New issue
Advanced search Search tips

Issue 886988 link

Starred by 2 users

Issue metadata

Status: Fixed
Owner:
Closed: Dec 17
Components:
EstimatedDays: ----
NextAction: ----
OS: Linux , Windows , Chrome , Mac
Pri: 2
Type: Bug

Blocking:
issue 806995



Sign in to add a comment

Entity Suggestions Can Be Dup-Eliminated Erroneously

Project Member Reported by mpear...@chromium.org, Sep 19

Issue description

search_provider uses the |additional_query_params| provided by the suggest server identify entity matches.  It makes sure not to mark matches with different |additional_query_params| as duplicates of each.
https://cs.chromium.org/chromium/src/components/omnibox/browser/base_search_provider.cc?sq=package:chromium&g=0&l=439-441

This smartness doesn't happen in AutocompleteResult.  AutocompleteResult only looks at the underlying search terms, not the extra parameters, when combining duplicates.
https://cs.chromium.org/chromium/src/components/omnibox/browser/autocomplete_match.cc?type=cs&q=GURLToStrippedGURL&g=0&l=494-563

This means that we can't distinguish between entity suggestions whose query terms are the same as a non-entity search suggestion with the same query terms. The latter can appear alongside entity suggestions in the case of a verbatim suggestion or a search suggestion from the user's local history.

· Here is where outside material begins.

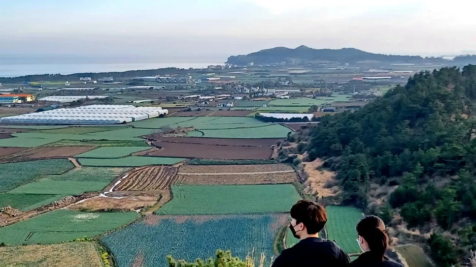 북으로는 대정마을 저 멀리 군락 이룬 뭇 오름들까지.

The effect of this issue as experienced by the user is that they will see an entity suggestion in the list as they type but as they continue to type the entity suggestion will disappear if and when it gets deduped with a non-entity search suggestion.

As an example, enable chrome://flags/#omnibox-rich-entity-suggestions and start typing "jefferson". After a few characters, the *Thomas Jefferson* entity will appear. Once the 'n' is added, the entity suggestion is deduped with the [jefferson] verbatim suggestion and the entity suggestion disappears.

Theoretically, this also could cause two entities such as *Thomas Merton* and *Merton Hanks* to be deduped against each other. But in practice, this currently doesn't happen because the backend appears to never have the same query terms associated with two different entity suggestions. In other words, the query terms will be [merton] for *Thomas Merton* and [merton hanks] for *Merton Hanks*. Never [merton] for both, even though they could be distinguished by the gs_ssp param in additional_query_params. Nevertheless, the fix described above would cover this potential case as well.
 
Summary: Entity Suggestions Can Be Dup-Eliminated Against Each Other (was: Entity Suggestions Will Be Dup-Eliminated Against Each Other)
At least the code makes it appear like that happens.  Yet, I see multiple suggestions sometimes.  Let me try to find an example where this is a problem.
Blocking: 806995
Labels: -Pri-3 Pri-2
Status: Available (was: Untriaged)
Summary: Entity Suggestions Can Be Dup-Eliminated Erroneously (was: Entity Suggestions Can Be Dup-Eliminated Against Each Other)
Here's an example [merton].  chrome://omnibox output below.

The suggest server and the Search provider are returning the verbatim suggestion for [merton] and an entity suggestion labeled as "Thomas Merton", though with the search being for "merton" itself and additional_query_params (gs_ssp=) used to distinguish between these two items.  Yet when AutocompleteResult comes along, it removes the "Thomas Merton" suggestion, as it decides that it's equivalent to the "merton" suggestion".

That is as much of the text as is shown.